Atenção aos sintomas
Na relação médico-paciente, a discussão é válida, o alerta é importante, a percepção é real, mas há distorções. Por isso, antes de mais nada, Flávio Chaimowicz, professor associado do Departamento de Clínica Médica da Faculdade de Medicina da UFMG e com pós-doutorado em educação médica no Institute of Medical Education Research da Erasmus University de Rotterdam (Holanda), expõe duas questões primordiais: “primeiro, o médico não é o centro da saúde, porque cada vez mais é uma equipe que ajuda a preservar e a recuperar a saúde. Impossível pensar em adultos e idosos sem a participação de um psicólogo ou fisioterapeuta, de um paciente obeso sem um nutricionista. O médico deixou de ser o centro e passa a fazer parte de uma equipe. Segundo, cada vez menos a saúde das pessoas depende da consulta com o médico, porque elas estão mais bem-informadas, tanto pelo “dr. Google” (com seus lados bom e ruim) quanto pela disseminação de informações. Sabem da importância da atividade física, de não fumar e estão mais imunizadas. Elas conseguem cuidar da saúde e o fazem de maneira eficaz.
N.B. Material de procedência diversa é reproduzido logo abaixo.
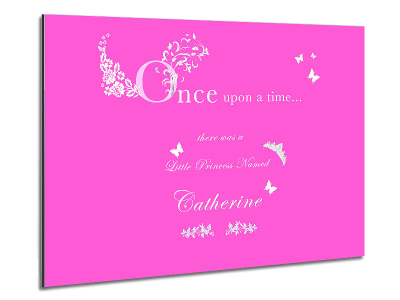 Zitat für Mädchenzimmer „Once Upon A Time Your Name“ in leuchtendem Pink. Gedruckt auf gebürstetem Aluminium-Dibond. Eine moderne Art, Kunst zu präsentieren und leicht zu pflegen.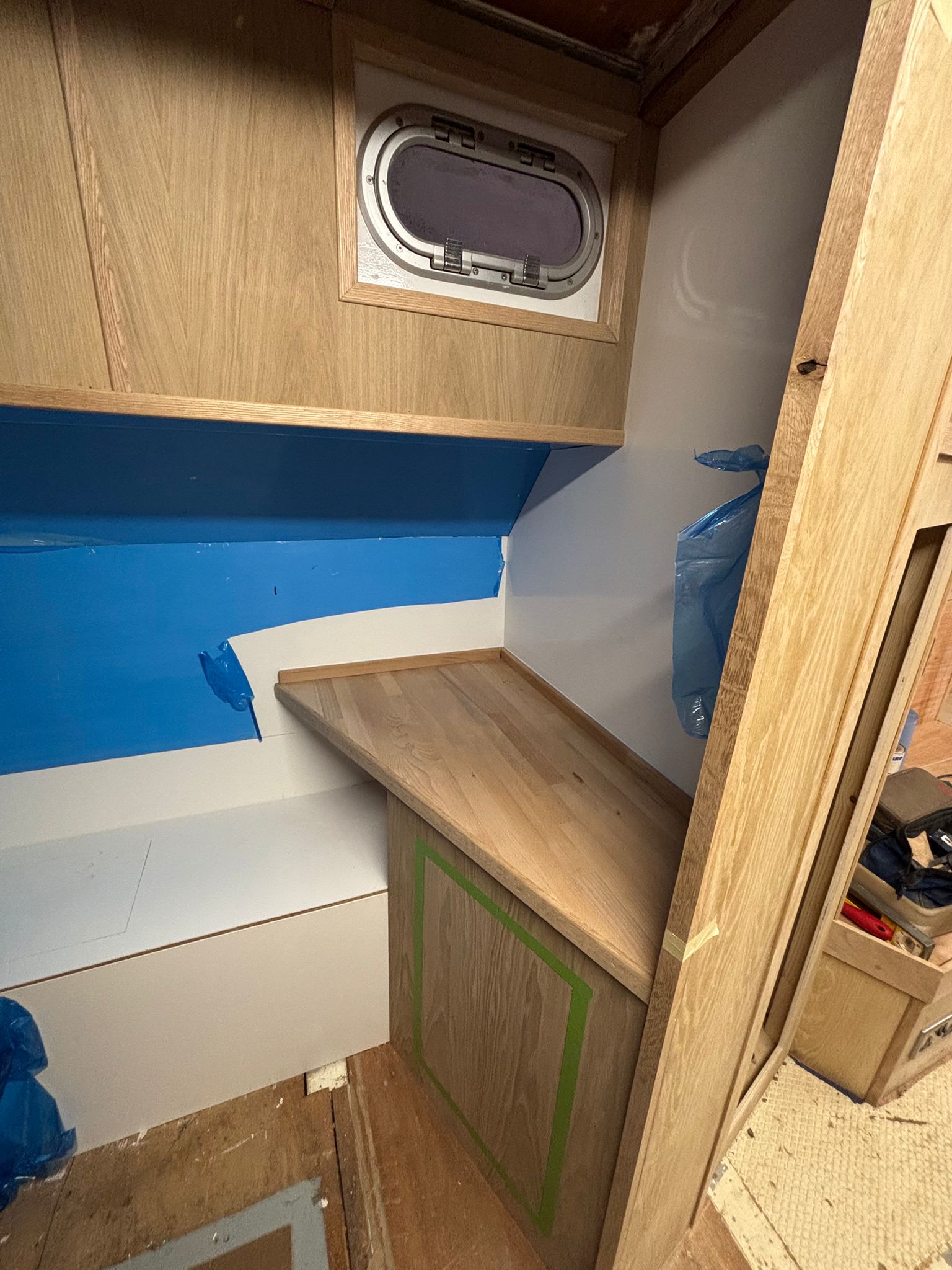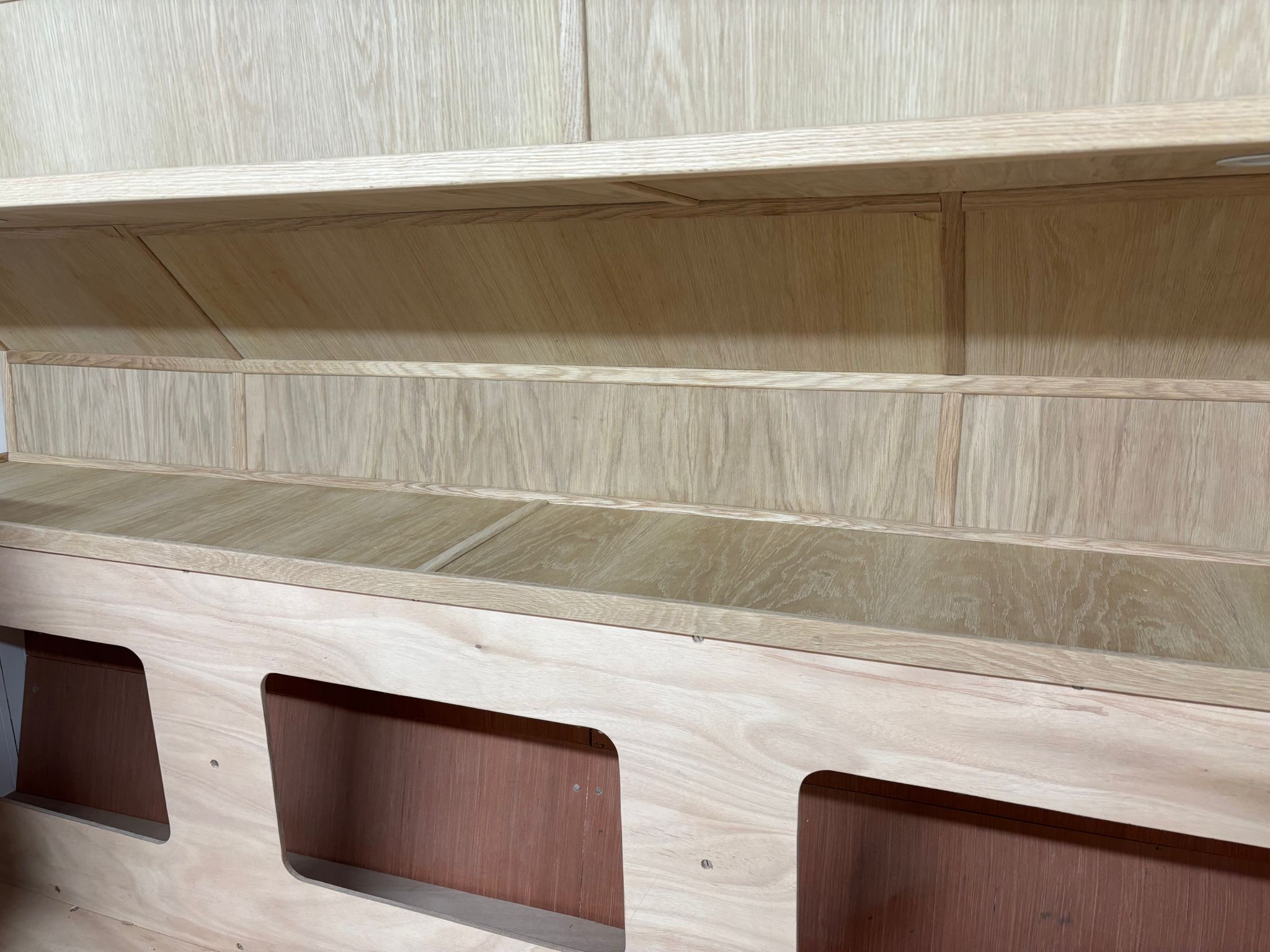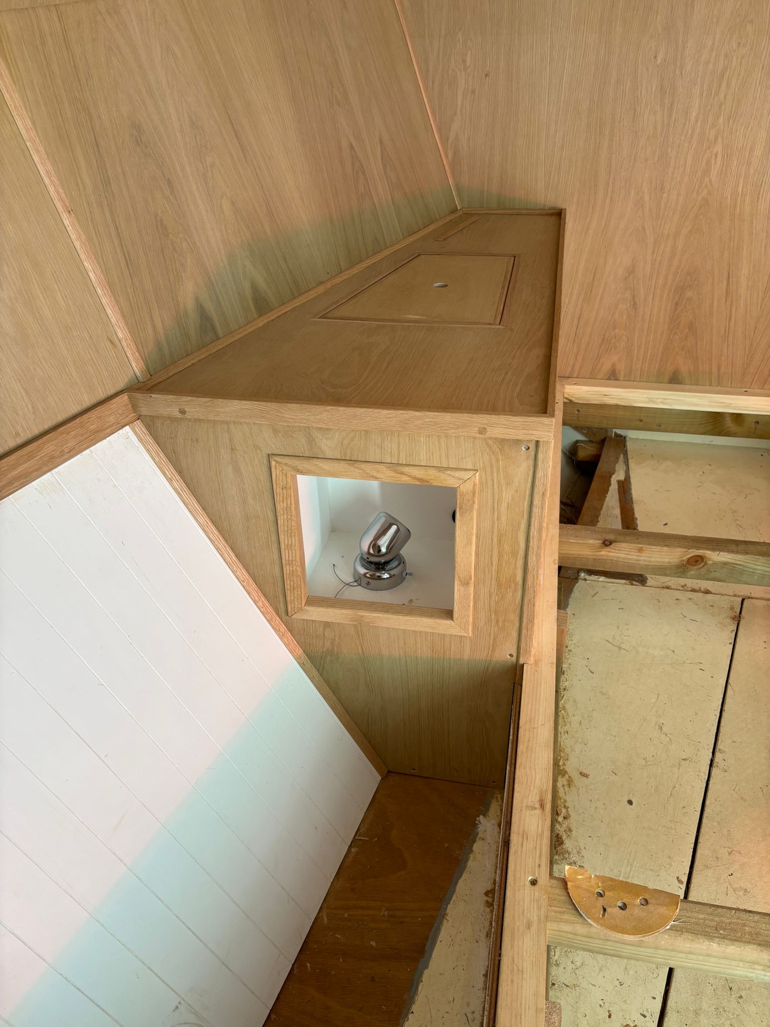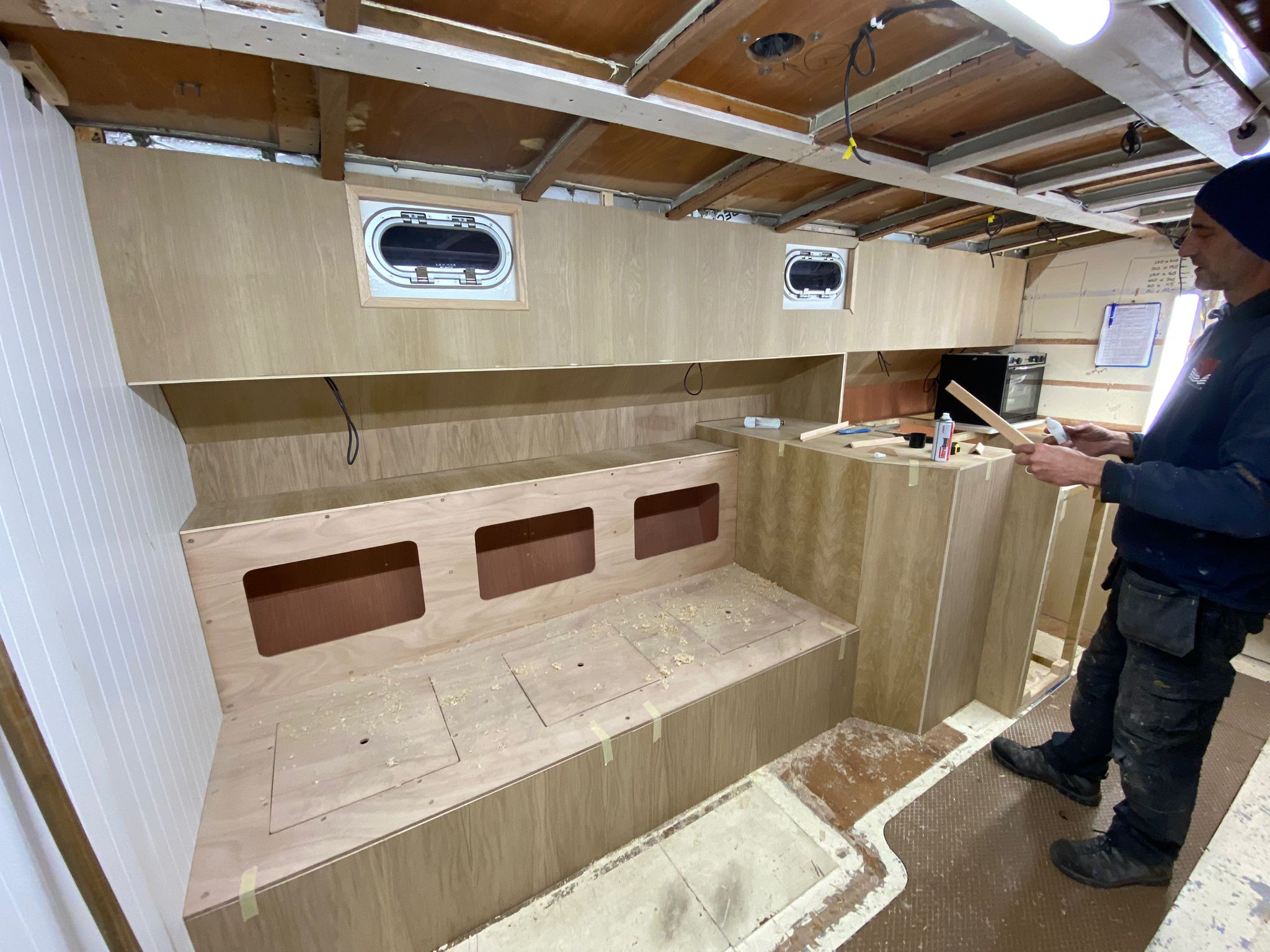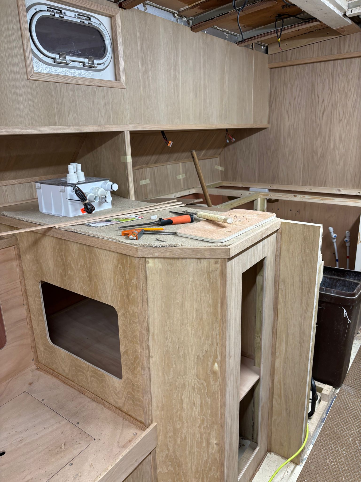 Great progress is being made on the interior fitting out and the completion is in sight. The oak faced ply has given the interior a nice light feel.

Mudam hábitos ruins”.
Ao destacar esse cenário, Flávio Chaimowicz quer chamar a atenção para a existência da consulta abrangente e a focalizada na medicina. “Torceu o joelho, vai no ortopedista para saber a lesão e o tratamento. Cabe consulta focalizada. Na abrangente, o paciente vai a um clínico, que poderá identificar o problema ortopédico, qual a lesão, o tratamento e dizer que não foi uma torção, mas artrose provocada pela obesidade. O que faz a consulta corrida é a superespecialização. Se você vai tratar a catarata, o médico não vai perguntar sobre sua dieta.”
RESGATE
Por outro lado, lembra o médico, como fica um paciente que chega ao consultório sentindo-se fraco? Um idoso com problema de memória? Uma mulher que sente palpitações? Não dá para fazer uma consulta focalizada nesses casos. “Aqui entra a velha clínica médica, o resgate da atividade médica tradicional, a consulta abrangente e cuidadosa. E por que ela é importante? Quando a queixa não está clara, há muitas causas possíveis. No caso da mulher, pode ser endocrinológica, cardiológica ou psicológica. A mulher com falta de energia abre um leque de hipóteses diagnósticas. Já o idoso pode ser neurológico ou uso inadequado de remédio. Daí a importância da conversa, do ouvir. E por isso, também é importante entender a diferença de raciocínio entre o médico jovem e o mais velho (veja arte ao lado). E tem o outro lado. É tarefa do paciente organizar seus exames, listar seus medicamentos, expor seus sintomas e dar informações do histórico da sua saúde e da família. Ter tudo organizado.”